International (Un) Law: 54 Countries collaborated with US extraordinary rendition program/ Washington Post
How do governments do business with each other? Of course they often share goals, and may benefit jointly from certain actions. But at the most basic level, they offer each other carrots and threaten each other with sticks.
Using some combination of these two strategies, the US government obtained the cooperation of 54 governments to conduct its admittedly illegal (in the US and in the majority, if not all of the cooperating countries) program of extrajudicial kidnapping, torture and withholding of due process. To cloak these actions in euphemism, the term “extraordinary rendition” was invented.
The nations form an odd collection, including countries at both the bottom and the top of Transparency International’s corruption index (report here). According to the Washington Post, discussing a report by the Open Society Justice Initiative, these nations include:
Afghanistan, Albania, Algeria, Australia, Austria, Azerbaijan, Belgium, Bosnia-Herzegovina, Canada, Croatia, Cyprus, the Czech Republic, Denmark, Djibouti, Egypt, Ethiopia, Finland, Gambia, Georgia, Germany, Greece, Hong Kong, Iceland, Indonesia, Iran, Ireland, Italy, Jordan, Kenya, Libya, Lithuania, Macedonia, Malawi, Malaysia, Mauritania, Morocco, Pakistan, Poland, Portugal, Romania, Saudi Arabia, Somalia, South Africa, Spain, Sri Lanka, Sweden, Syria, Thailand, Turkey, United Arab Emirates, United Kingdom, Uzbekistan, Yemen, and Zimbabwe
Governments colluded together to commit the most heinous crimes, repeatedly breaking national and international laws. The victims and acts numbered in the hundreds or thousands, over years. Systematically transgressing the law on this scale (and we are talking serious crimes: kidnap, rape, torture, murder, incarceration for years without trial) have made a mockery of our system of law.

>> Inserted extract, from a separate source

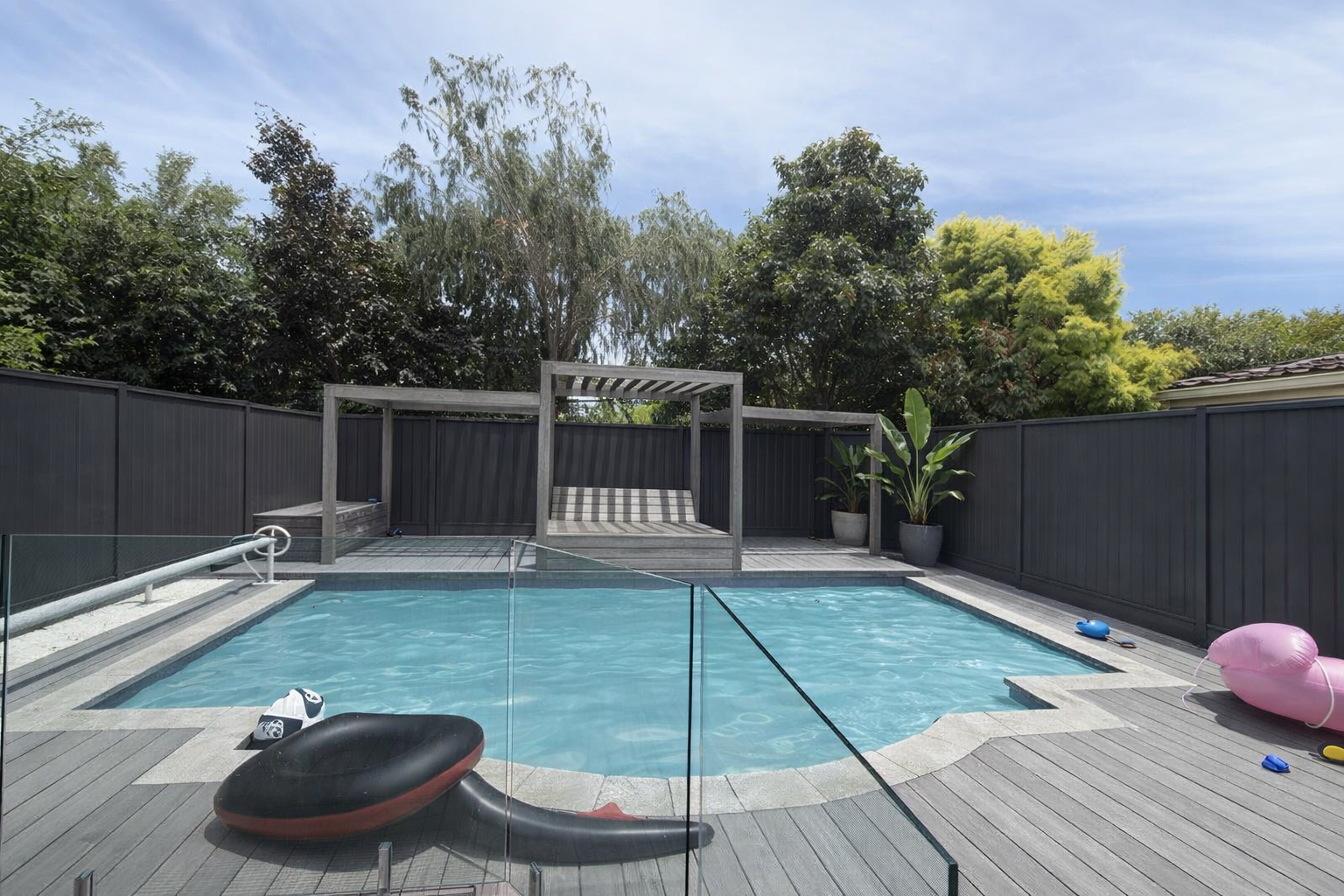 With the bamboo panels, removing them will already modernise the space. If there is beige Colorbond fencing underneath and it is in reasonable condition, you do not need to replace it straight away. Colorbond can be repainted successfully using the right system. It should be thoroughly cleaned, lightly scuffed with a fine abrasive pad, then primed with a suitable metal primer before applying an exterior metal paint. Moving it to a darker charcoal or soft grey will help it visually recede and make the pool area feel more contemporary without competing with the timber. Spraying gives the best finish, but rolling is absolutely fine for a DIY job if done carefully.

Think of recent, well-known cases of men, like Ariel Castro in Cleveland, who kidnapped, imprisoned and raped women during many years, and how the public felt about those men. Now consider that our government committed those identical crimes, in our name, with our tax dollars, around the world. And it was aided and abetted by 54 other governments in these crimes.